Hi all, season is almost over. Before winter started :

I put in a new augur belt, and made and installed impeller paddles from an old tread mill.
First snow was wet and slushy, and the 524 did NOT perform well, ice up. 
All the other storms, I was very happy, it was throwing 30 feet and had not iced up again, great for only 5hp. Which brings me to this question,:

Have any of you made a plow to attach to your blowers when its slushy? I am thinking of plywood covered with trim coil maybe. A plow I can angle easily and quickly. Any suggestions? I don't want to buy a plow.

Thanks


----------



## motorhead64 (Dec 15, 2013)

Diytips.info has a homemade plow on YouTube..there are others there as well. They seem to be most effective on light snow. MH


----------



## silwan (Feb 25, 2014)

motorhead64 said:


> Diytips.info has a homemade plow on YouTube..there are others there as well. They seem to be most effective on light snow. MH


Thanks for the reply, I will take a peak.


----------



## Pathfinder13 (Feb 28, 2014)

silwan said:


> Hi all, season is almost over. Before winter started :
> 
> I put in a new augur belt, and made and installed impeller paddles from an old tread mill.
> First snow was wet and slushy, and the 524 did NOT perform well, ice up.
> ...


Just note that you need stiff rubber for an impeller kit. Flexible rubber won't do much, it needs to sweep the impeller housing clean and not just flex out of the way anf bypass the slush building up in there. 
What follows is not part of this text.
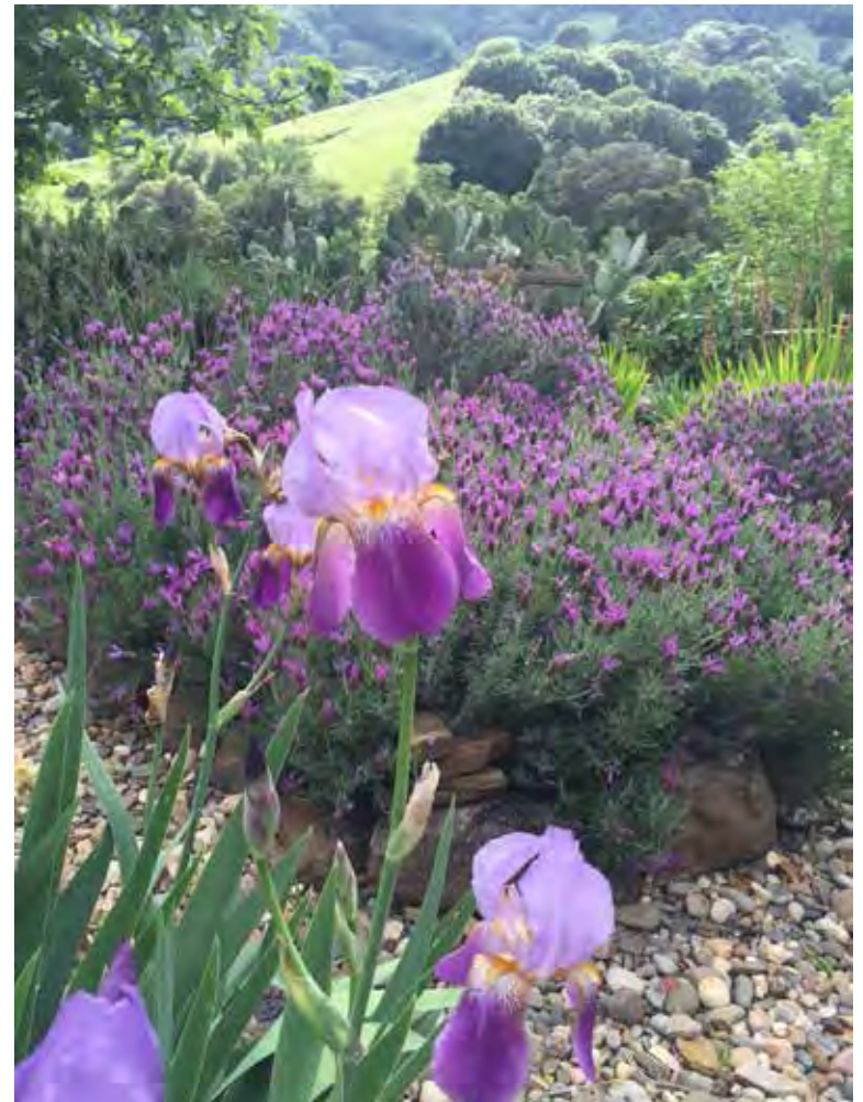
A winding gravel path dotted with bearded iris, lavender, and fruit trees leads to the bucolic hillside view.

What I love about Debbie's garden is how it reflects her unique personality, her love of the land, and her admiration for the history of the Wild West. As we ambled around the property with her happy dogs in the lead, the songbirds sang, a bevy of butterflies delicately landed on her flowers, and the koi in the pond swam to the surface to greet me. This time together immersed in this sustainable landscape nurtured my soul and brought our childhood memories to vivid life. Although we grow the same plants, shrubs, trees, and succulents in both of our yards, our designs and esthetics are completely different. And that's the beauty of creating a garden, making it your own special paradise where you can find peace, tranquility, and restoration in tandem with the wild kingdom.

You may just want to get an old stiff mud flap and cut some new pieces and just replace them, would be an easy swap out and then your impeller kit would perform as intended.


----------



## 43128 (Feb 14, 2014)

they actually made a plow kit for these 24 inch blowers, not sure if its stills available. Toro 38080 Parts List and Diagram - (9000001-9999999)(1979) : eReplacementParts.com


----------



## Kiss4aFrog (Nov 3, 2013)

I don't have one but I thought the photo was interesting.


----------



## silwan (Feb 25, 2014)

Pathfinder13 said:


> Just note that you need stiff rubber for an impeller kit. Flexible rubber won't do much, it needs to sweep the impeller housing clean and not just flex out of the way anf bypass the slush building up in there.
> 
> You may just want to get an old stiff mud flap and cut some new pieces and just replace them, would be an easy swap out and then your impeller kit would perform as intended.


I may do that in the off season, thanks.


----------



## silwan (Feb 25, 2014)

Kiss4aFrog said:


> I don't have one but I thought the photo was interesting.


That's a nice picture. Professionally done.


----------



## Kiss4aFrog (Nov 3, 2013)

If you were creative you could make one that when down worked as a plow and when pivoted up was a drift breaker and just stayed on the machine 24/7.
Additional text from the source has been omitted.